Before he received that honor from Time, he gave the keynote address in May 2002 at OU's commencement ceremony. He told students that the values they learned at OU prepared them to compete with anybody, anywhere.

"Reject the conventional wisdom that success is only for the rich or the privileged or the Ivy League-educated," he told the graduates. "Don't believe it. I didn't. Because people with real values have a way of helping, teaching and connecting with one another."

OU President David Boren, who brought Russert to campus in 2002, knew Russert personally and said he will miss him very much.

"The entire nation will miss him because of his hard work to get the facts needed to educate the American people," Boren wrote in an e-mail Monday. "He was always motivated by a deep love of our country and an abiding confidence in the common sense of the average American."

The outpouring of praise for Russert in the days since he died would surely have embarrassed the son of a truck driver from Buffalo, N.Y., said Ken Fischer, visiting assistant professor at OU's Gaylord College of Journalism and Mass Communication.

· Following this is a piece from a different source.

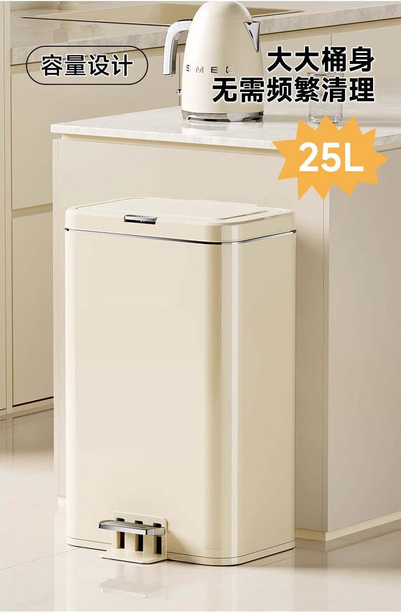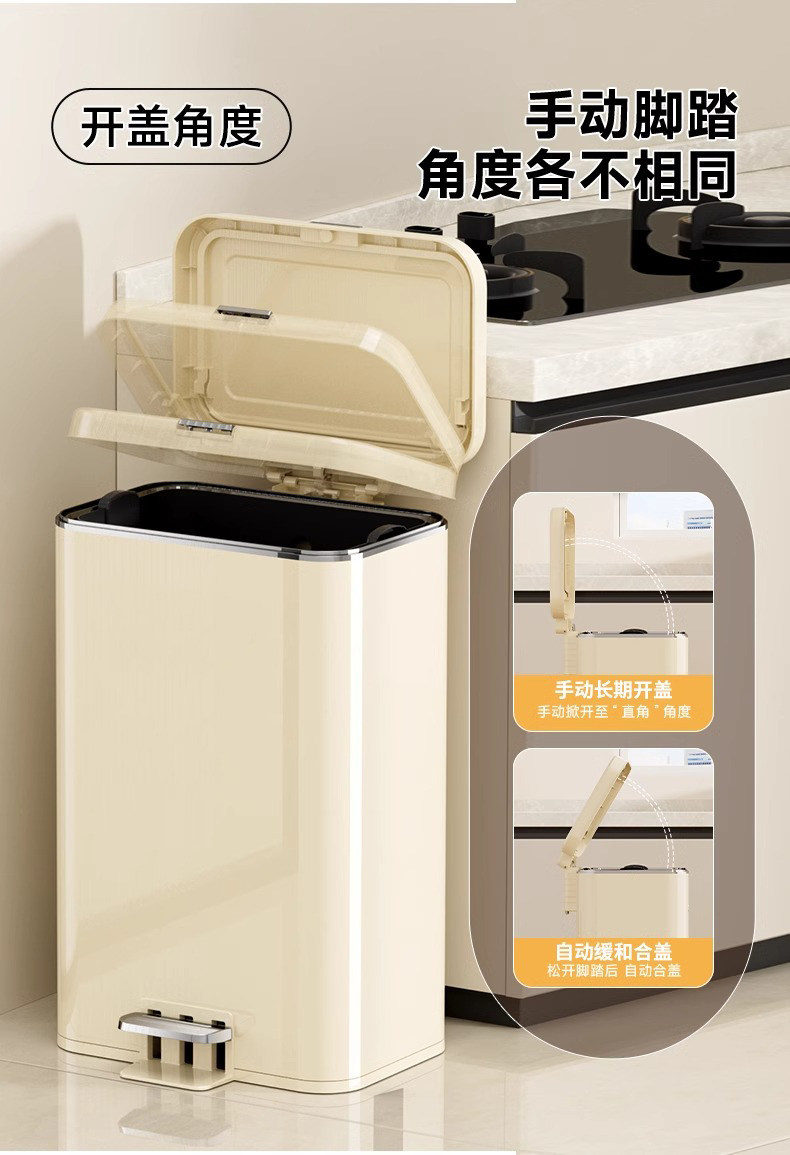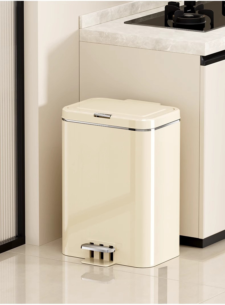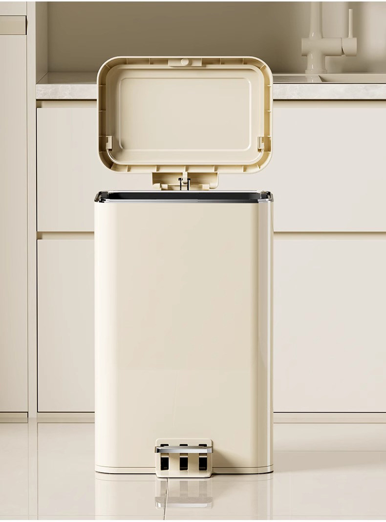 Cream-Colored Trash Can for Home Use in Living Room, Bedroom, Bathroom, Toilet, Hand-Press and Foot-Pedal Type, Large Capacity, with Lid

"He never made it about him and I think he would be sort of embarrassed by all this attention," Fischer said.

Russert was an excellent journalist who handled questions well, Fischer said. He said that's something he always has to teach his students about.

"They get bogged down in that list of questions," he said.

Russert always seemed prepared, but he didn't just stick to his prearranged questions.

"He actually was listening to what the people were saying, and he actually listened to their responses," Fischer said.